ARM has neither a Next-PC register nor a single-stepping state, so
there is no way to regain control of any instruction that modifies
the PC.

To get around the limitation of no Next-PC and no single-stepping,
I split all kprobe'd instructions into three camps: simulation,
emulation, and rejected.  "Simulated" instructions are what I call
instructions that are completely simulated by C code.  These are
ones that modify the PC.  They use no instruction slot.  "Emulated"
instructions are ones that use the instruction slot.  "Rejected"
instructions are ones that I just didn't put the effort into either
simulating or emulating and will fail if attempting to place a
kprobe on them.  These are more work to simulate or emulate and
should be rare if not unencountered in the kernel.  There is no
reason or limitation why they cannot be supported if someone wants
to put in the effort.

The ARM implementation also does not follow the usual kprobes
double exception approach where the initial kprobes breakpoint runs
calling kprobe_handler(), it returns from exception to execute the
instruction in its original context, then immediately re-enter
after a second breakpoint (or single-stepping exception) into
post_kprobe_handler().  This implementation only ever executes one
kprobes exception.  All side-effects from the kprobe'd instruction
are resolved before returning from that initial exception.  As a
result, this code is effectively _always_ boosted regardless of
the instruction and even regardless of whether or not there is a
post-handler.

How I do the above is that at kprobes registration time, I examine
the instruction in question, assign an execution handler to it based
on the type of instruction, and rewriting the instruction stored
in the instruction slot by altering what registers it uses.  If it
is a simulated instruction, no rewriting occurs and its simulation
handler just modifies the "regs" contents directly to resolve the
effects of the instruction.  If it is an emulated instruction, the
handler loads up into the current context just the registers from
"regs" needed for that class of instruction, makes a call to its
slot, and on return the writes back to the "regs" bank just the
registers modified by the instruction in the slot.

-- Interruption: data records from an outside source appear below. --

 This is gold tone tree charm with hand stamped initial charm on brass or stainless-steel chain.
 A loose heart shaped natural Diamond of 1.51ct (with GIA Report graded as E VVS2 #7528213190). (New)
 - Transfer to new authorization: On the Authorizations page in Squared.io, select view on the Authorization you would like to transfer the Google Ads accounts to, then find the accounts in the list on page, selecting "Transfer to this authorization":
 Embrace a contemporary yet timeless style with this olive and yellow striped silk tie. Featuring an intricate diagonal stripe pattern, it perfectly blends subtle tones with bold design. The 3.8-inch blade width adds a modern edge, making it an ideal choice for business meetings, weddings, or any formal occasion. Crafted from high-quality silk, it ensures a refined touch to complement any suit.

This approach may sound like a lot of code, but all the software to
decode, examine, and rewrite instructions, and for all the execution
handlers compile down to less than 4KB of text.

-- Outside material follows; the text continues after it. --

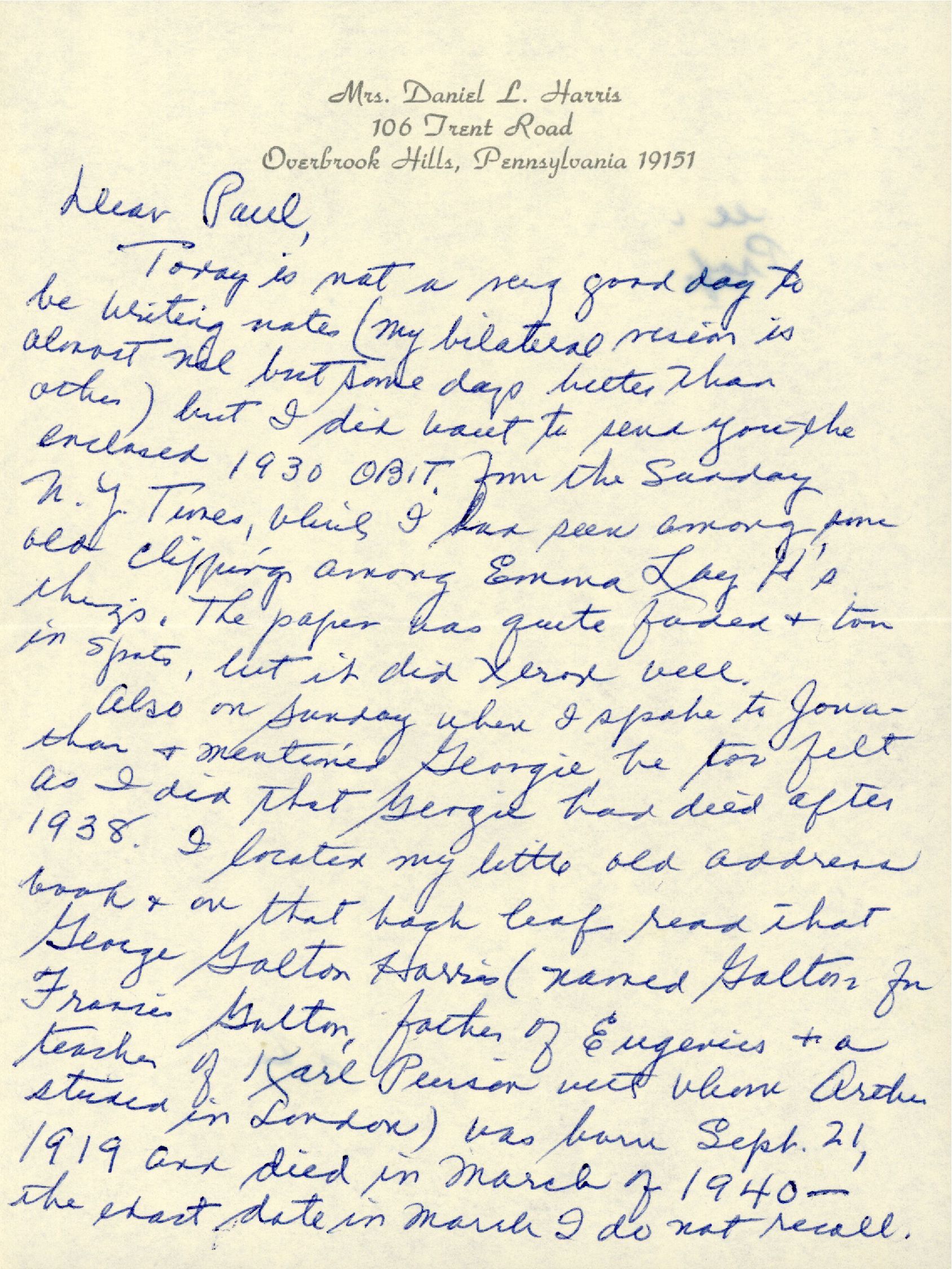 Today is not a very good day to be writing notes (my bilateral vision is almost nil but some days better that others) but I did want to send you the enclosed 1930 OBIT. from the Sunday N. Y. Times, [which] I had seen among some old clippings among Emma Lay H's things. The paper has quite faded & torn in spots, but it did Xerox well.

Because this approach isn't split across two exceptions ever, all
the code in arch/arm/kprobes.c to support the second exception
completely goes away.  There is no prepare_single_step(), no
post_kprobe_handler(), and no having to save, modify, and restore
processor flag states across the two exceptions.  I didn't measure
what that savings was, but I'm sure its noticeable and makes that
4KB that much less.

Since there is also no "classic" boosting model, there is no
need for the garbage collector.  It will never be invoked.  It
could be commented out if anyone wants to.

Also, because there is no split exception model and no classic
boosting model, the code is a lot simpler.  The code is MP clean
and there are no ifdefs for MP systems or for preemptible
kernels (CONFIG_PREEMPT).

All the changes are encapsulated within architecture specific areas.
The model requires no changes whatsoever to the generic kprobes
code.

Since ARM is a RISC architecture with a fixed instruction size, it
will be pretty straight forward to continue enhancing this code to
use the djprobe model.  I looked into it a little bit.  As long as
the distance from the kprobe'd instruction to the djprobe handler
is less than +/-32MB address space, it can use a branch instruction
instead of the undef instruction.

Since this is a radical departure from existing architecture-specific
kprobe implementations, and this is the first change I've made to the
Linux kernel contributed back to the community, I hope people will
review this work and give me any feedback at all on any aspect of
this effort.

I'll be giving a talk on this work next week at the CELF Embedded
Linux Conference in Santa Clara scheduled for 3:40pm-4:30pm on April
17th.  http://www.celinux.org/elc2007/

Quentin